まず取り組むとよいのは、家計全体を見える化すること。月いくら入ってきて、いくら出ていくかを把握できている状態が、投資相談を実りあるものにするための前提です。
次に、NISA・iDeCoの基本的な仕組みを頭に入れた上で、無料相談を活用して「自分の場合どうか」を専門家に整理してもらう。この2ステップだけでも、ぼんやりしていたお金の方向性がクリアになることが多いです。
繰り返しになりますが、投資に元本保証はなく、何が最適かは個人の状況によって大きく異なります。この記事はあくまで一般的な情報の整理であり、最終的な判断は自己責任・専門家への相談を前提にしてください。
会計管理ツールをまだ入れていないなら、まずはマネーフォワード クラウド の公式無料相談から始めるのが手っ取り早い方法のひとつです。家計と副業収入の全体像が見えてきたら、相談内容も自然と絞り込まれていきます。

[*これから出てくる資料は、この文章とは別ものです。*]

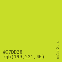 Цвет #C7DD28 в цветовой модели RGB обозначается тремя октетами (199, 221, 40) в десятичном формате и #C7DD28 в шестнадцатиричном (hex) формате, которые являются интенсивностью красного 199 (hex C7), интенсивность зелёного 221 (hex DD) и интенсивность синего 40 (hex 28).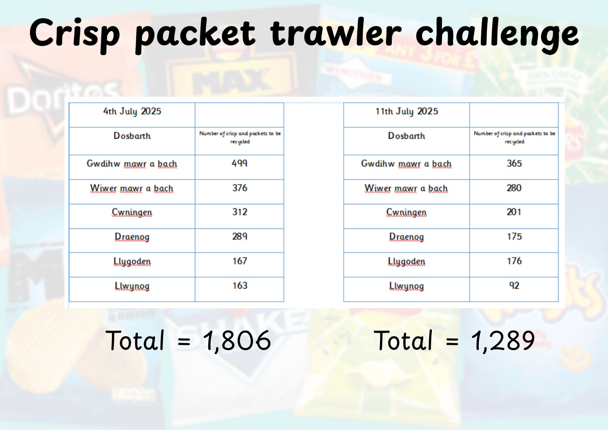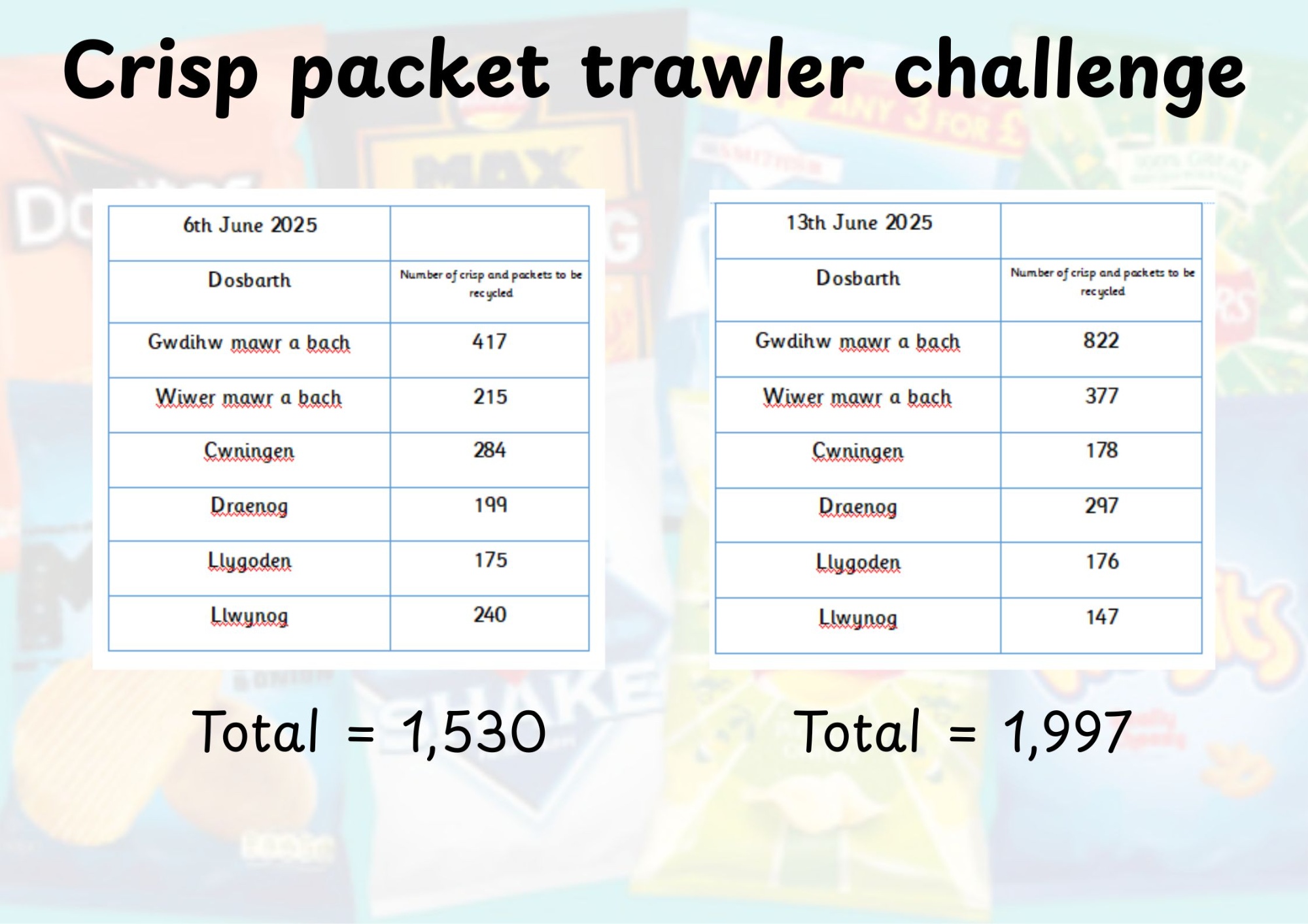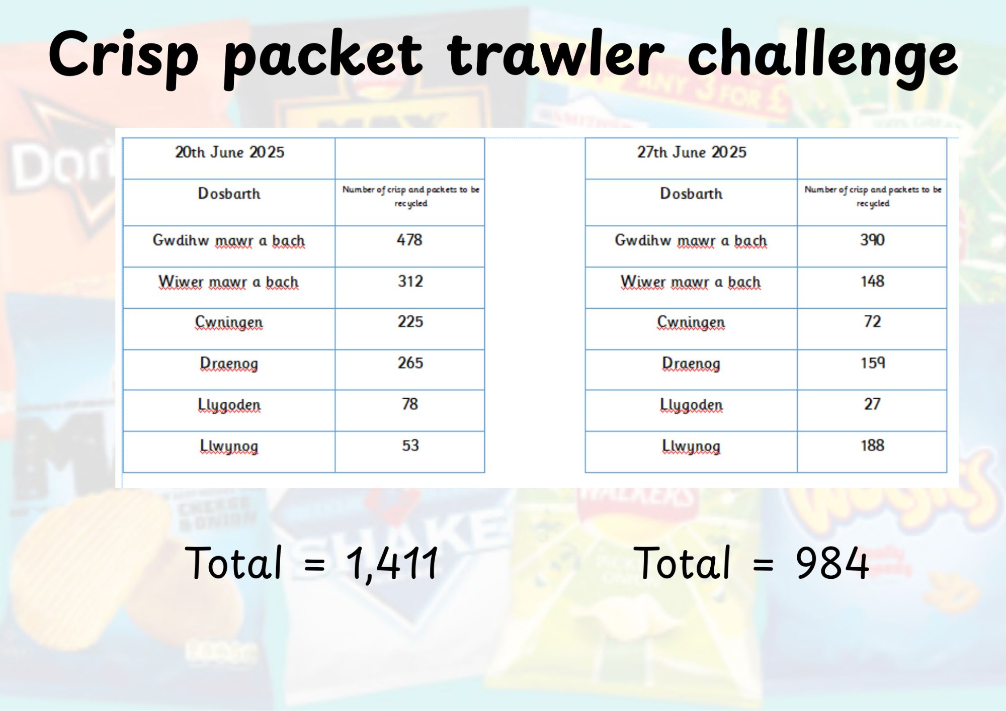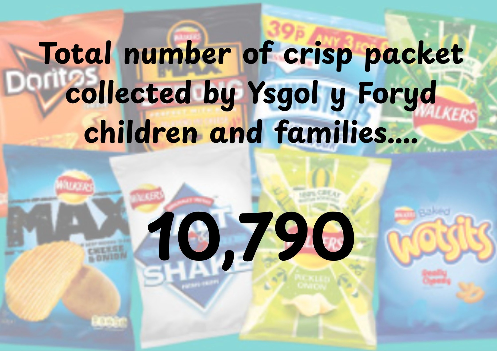 The Cyngor Ysgol and Eco Council would like to say a huge "Diolch yn Fawr" to everyone who has brought in 1 or a 100 crisp packets. You have cared for our local environment by picking so many up on your way to school and have stopped all these crisp packets from going to landfill. Diolch yn fawr.

副業×投資×お金の管理については関連する記事もあります。ボーナスとNISA・iDeCoの組み合わせ方を具体的に考えたい場合は夏×ボーナス×投資完全ガイド|副業収入×ボーナス×NISA設計も参考にしてみてください。
副業のスタートと並走しながらお金の設計を整えていきましょう。夏はその出発点として、意外と悪くないタイミングです。
参考:副業の帳簿・確定申告チェックリスト
副業を始めた・始めようとしている方向けに、最低限押さえておきたい実務チェックをまとめました。
開始前(1週間以内):
– [ ] 本業の就業規則で副業可否・申請要否を確認
– [ ] 副業専用の銀行口座を開設(プライベート資金と分ける)
– [ ] 会計ソフトを導入して記帳を習慣化(マネーフォワード クラウドで確認する手もある)
副業開始後3ヶ月以内:
– [ ] 副業所得が年20万円を超えそうか試算
– [ ] 経費の領収書を保管(PCや通信費の按分メモも残す)
– [ ] 住民税の普通徴収切り替えを確定申告時に忘れずチェック
年1回(確定申告前):
– [ ] 前年の収入・経費を集計
– [ ] 青色申告控除(最大65万円)の対象か確認
– [ ] e-Taxで申告書を作成・提出(3月15日期限)
通年:
– [ ] 月次で売上・経費を記録(帳簿を後でまとめない習慣)
– [ ] NISAやiDeCoの拠出状況を半期ごとに確認
– [ ] 年1回FPに家計全体の見直しを相談
このチェックリストを副業開始と同時に走らせておくと、後で「あのとき記録しておけば…」という後悔が減ります。アフィリエイトや広告収入を含む副業の帳簿管理は、もしもアフィリエイトのような収益管理ツールと会計ソフトを連携させると集計の手間が大幅に減ります。
副業収入と投資の組み合わせは、正解が一つではありません。大事なのは「自分の状況に合った判断をするための情報を持つこと」。この記事がその第一歩として使えたなら幸いです。